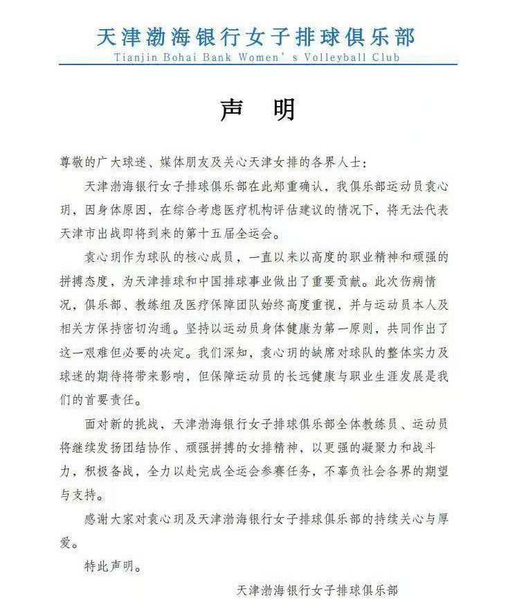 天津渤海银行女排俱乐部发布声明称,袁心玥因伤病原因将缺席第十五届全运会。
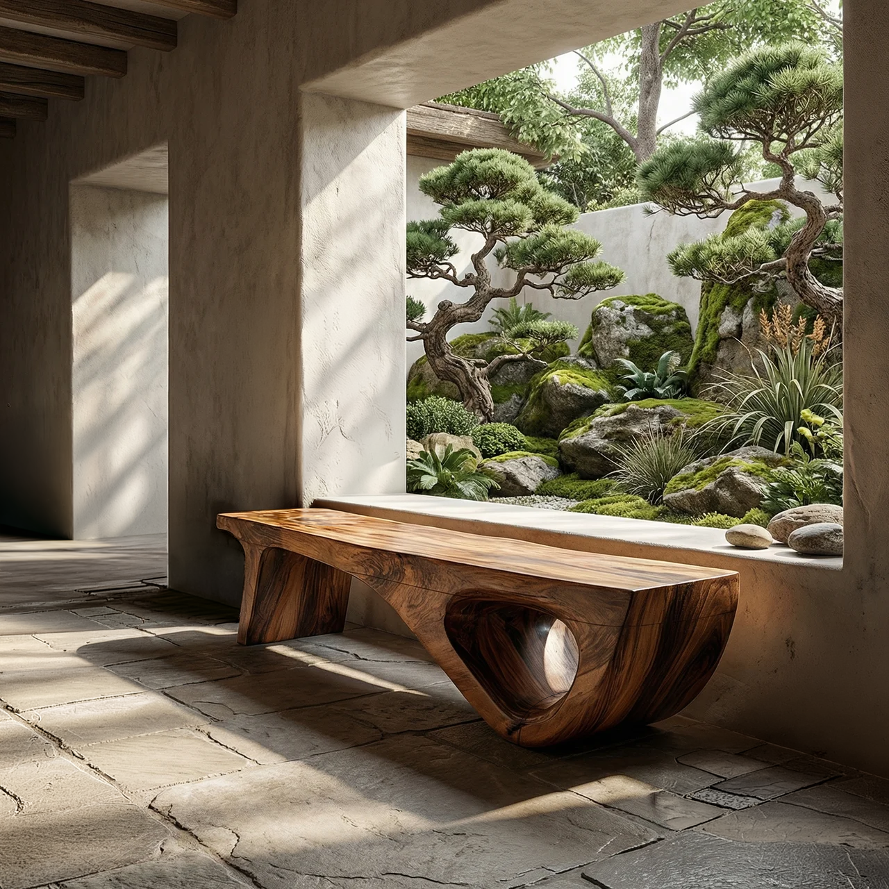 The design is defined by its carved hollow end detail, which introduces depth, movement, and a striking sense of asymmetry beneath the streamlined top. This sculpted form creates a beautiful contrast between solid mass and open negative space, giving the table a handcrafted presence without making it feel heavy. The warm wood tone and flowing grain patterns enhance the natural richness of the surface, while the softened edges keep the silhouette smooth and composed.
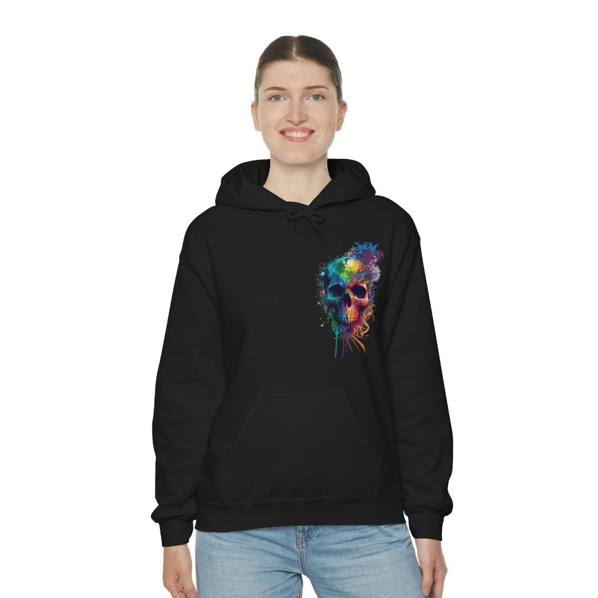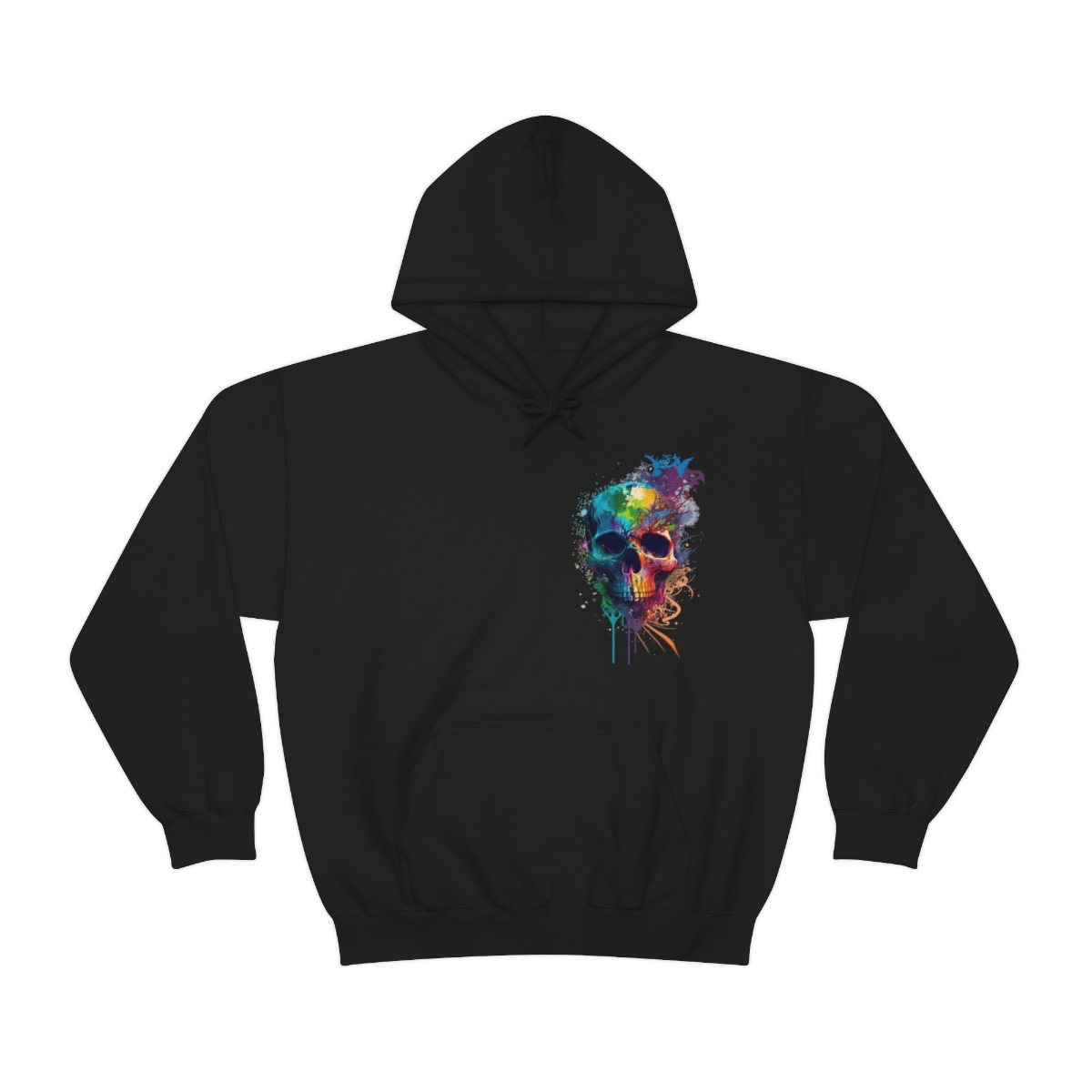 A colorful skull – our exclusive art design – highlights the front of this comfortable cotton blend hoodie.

## PROBLEM STATEMENT:
Omit the pictures and reproduce the listing exactly.

## SOLVED EXERCISE:
 天津渤海银行女排俱乐部发布声明称,袁心玥因伤病原因将缺席第十五届全运会。
 The design is defined by its carved hollow end detail, which introduces depth, movement, and a striking sense of asymmetry beneath the streamlined top. This sculpted form creates a beautiful contrast between solid mass and open negative space, giving the table a handcrafted presence without making it feel heavy. The warm wood tone and flowing grain patterns enhance the natural richness of the surface, while the softened edges keep the silhouette smooth and composed.
 A colorful skull – our exclusive art design – highlights the front of this comfortable cotton blend hoodie.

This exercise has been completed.